▶ _Instructions for the task_: Keep every word of the entries and print them exactly; the pictures stay out.

Information START

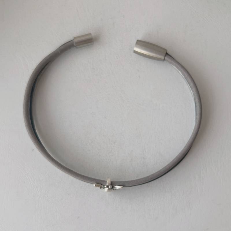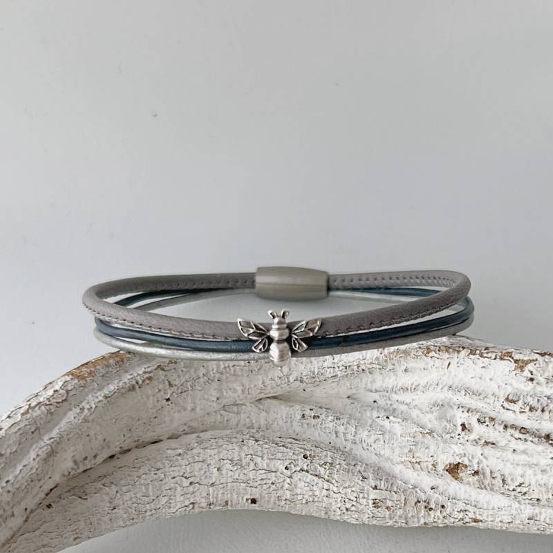 Verarbeitet ist ein hellgraues Nappalederband (ca. 2,5 mm) sowie zwei feine Lederbändchen (je ca. 1,5 mm) in Grautönen. Die kleine Biene hält die Bänder zusammen.
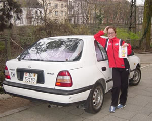 Me and Sunny (the car) outside our hotel in Offenburg.
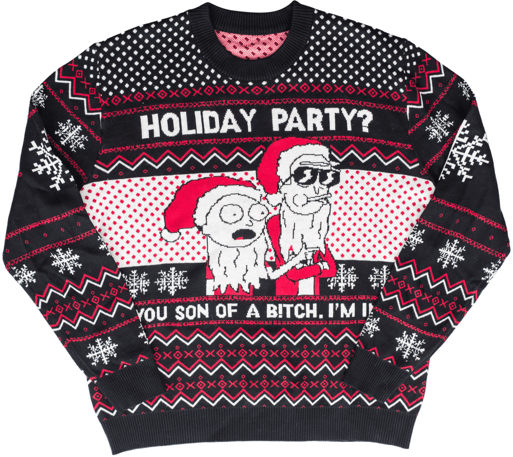 Fans of Rick & Morty that appreciate the show’s insane, over-the-top humor, will love this, over-the-top Rick & Morty ugly Christmas sweater. Featuring one of the show’s classic bits of raunchy dialogue, we don’t have a ugly holiday sweater for sale on our website that is MORE about the holiday spirit than this one. It’s important to show your sense of humor during the holiday season, so what better way to do that than with Rick & Morty?
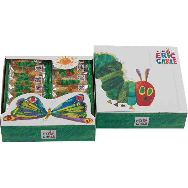 絵本「はらぺこあおむし」をモチーフにした「ひねり揚げ」のギフトボックスです、絵本をイメージしたポップアップな派tケージです。
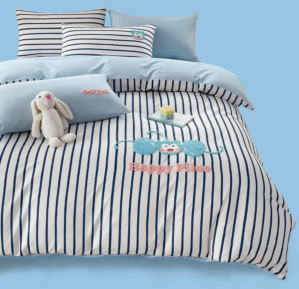 ³ 【匹鲁重工刺绣款全棉三/四件套】新疆长绒棉 设计师款万针刺绣 床笠&床单可选 XN03-CRMM-PL
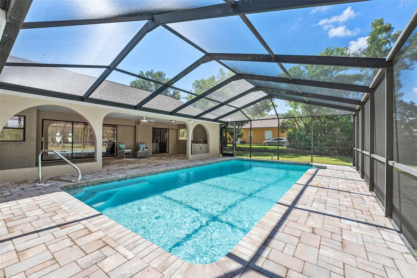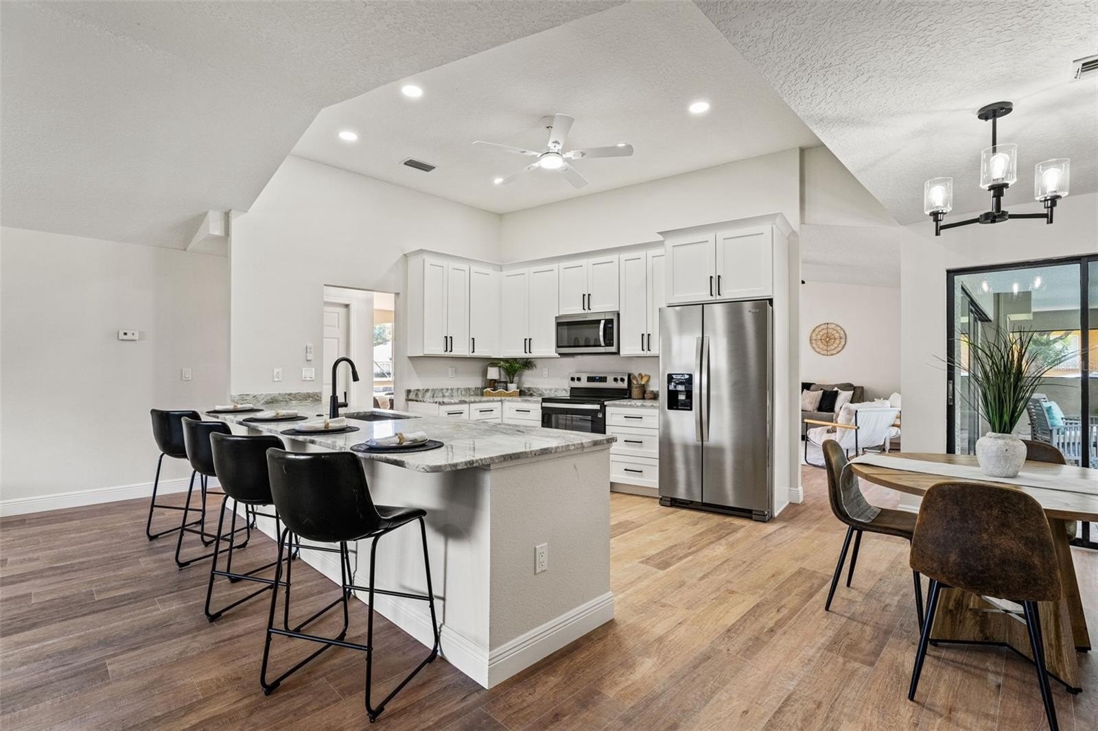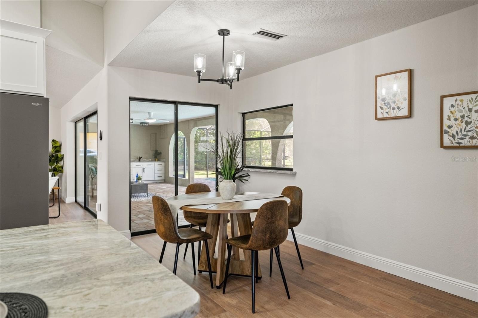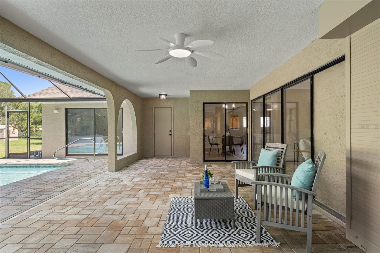Sitting on a 0.86 acre lot, this absolutely gorgeous fully renovated POOL home is now available! Worry free here as the ROOF IS BRAND NEW! Upon entry into this home, you are greeted with an open living room, tall ceilings, and a direct view of the pool through the fully collapsible pocket sliders. With brand new flooring throughout and tons of natural light, this home feels so spacious and inviting. The stunning kitchen is a chef's dream! All new soft close cabinets, luxury countertops, new stainless steel appliances, a deep sink, and a giant breakfast bar. Sharing a room with the kitchen is a second full living room - perfect for entertaining! There are multiple dining options here in this home: the formal dining room, nook table in the kitchen, breakfast bar, or dine outside on the huge pool deck. The primary bedroom boasts a beautiful private view of the pool and backyard through the sliders. Featuring a huge walk-in closet and en suite bathroom, this primary is a true owner's retreat! The bathroom has a large brand new walk-in shower with frameless glass, a shower niche for storage, double vanities, and a separate water closet for privacy. Both guest bedrooms are generously sized and both have large walk in closets. One of the bedrooms has another set of sliders that lead onto the pool deck. The guest bathroom is also the pool bathroom, making for efficient use and convenience. This large sparkling blue pool has a brand new pool pump and new marcite! New pavers were just installed around the entire pool and lanai. Enjoy cooking outside on the grill, as there is a brand new outdoor sink station with cabinets and countertops to use! This home features a spacious laundry room with built-in cabinetry, a utility sink, and plenty of space for storage. Not only does this property have an extra long 3 car garage (28 feet deep!), it also has an expansive driveway for parking multiple vehicles if needed! Additional items in this home that are BRAND NEW are: hot water heater, all interior doors, all baseboards, inside and outside paint, light fixtures, ceiling fans, and shelving. No HOA, No CDD, and No flood insurance required here! This location is a dream as it's just 2 minutes to the Suncoast Parkway, Target, Publix, Walmart, and lots of restaurants. Hop on the Suncoast Parkway and you'll be at Tampa International Airport in just 45 minutes. Come see this beautiful home in a highly desirable location!
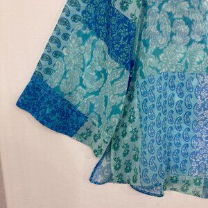 Zara Medium Blue Patchwork Boho Print Flare Sleeve Relaxed Button Up Festival

Information END

▶ _Exercise response_:
 Verarbeitet ist ein hellgraues Nappalederband (ca. 2,5 mm) sowie zwei feine Lederbändchen (je ca. 1,5 mm) in Grautönen. Die kleine Biene hält die Bänder zusammen.
 Me and Sunny (the car) outside our hotel in Offenburg.
 Fans of Rick & Morty that appreciate the show’s insane, over-the-top humor, will love this, over-the-top Rick & Morty ugly Christmas sweater. Featuring one of the show’s classic bits of raunchy dialogue, we don’t have a ugly holiday sweater for sale on our website that is MORE about the holiday spirit than this one. It’s important to show your sense of humor during the holiday season, so what better way to do that than with Rick & Morty?
 絵本「はらぺこあおむし」をモチーフにした「ひねり揚げ」のギフトボックスです、絵本をイメージしたポップアップな派tケージです。
 ³ 【匹鲁重工刺绣款全棉三/四件套】新疆长绒棉 设计师款万针刺绣 床笠&床单可选 XN03-CRMM-PL
Sitting on a 0.86 acre lot, this absolutely gorgeous fully renovated POOL home is now available! Worry free here as the ROOF IS BRAND NEW! Upon entry into this home, you are greeted with an open living room, tall ceilings, and a direct view of the pool through the fully collapsible pocket sliders. With brand new flooring throughout and tons of natural light, this home feels so spacious and inviting. The stunning kitchen is a chef's dream! All new soft close cabinets, luxury countertops, new stainless steel appliances, a deep sink, and a giant breakfast bar. Sharing a room with the kitchen is a second full living room - perfect for entertaining! There are multiple dining options here in this home: the formal dining room, nook table in the kitchen, breakfast bar, or dine outside on the huge pool deck. The primary bedroom boasts a beautiful private view of the pool and backyard through the sliders. Featuring a huge walk-in closet and en suite bathroom, this primary is a true owner's retreat! The bathroom has a large brand new walk-in shower with frameless glass, a shower niche for storage, double vanities, and a separate water closet for privacy. Both guest bedrooms are generously sized and both have large walk in closets. One of the bedrooms has another set of sliders that lead onto the pool deck. The guest bathroom is also the pool bathroom, making for efficient use and convenience. This large sparkling blue pool has a brand new pool pump and new marcite! New pavers were just installed around the entire pool and lanai. Enjoy cooking outside on the grill, as there is a brand new outdoor sink station with cabinets and countertops to use! This home features a spacious laundry room with built-in cabinetry, a utility sink, and plenty of space for storage. Not only does this property have an extra long 3 car garage (28 feet deep!), it also has an expansive driveway for parking multiple vehicles if needed! Additional items in this home that are BRAND NEW are: hot water heater, all interior doors, all baseboards, inside and outside paint, light fixtures, ceiling fans, and shelving. No HOA, No CDD, and No flood insurance required here! This location is a dream as it's just 2 minutes to the Suncoast Parkway, Target, Publix, Walmart, and lots of restaurants. Hop on the Suncoast Parkway and you'll be at Tampa International Airport in just 45 minutes. Come see this beautiful home in a highly desirable location!
 Zara Medium Blue Patchwork Boho Print Flare Sleeve Relaxed Button Up Festival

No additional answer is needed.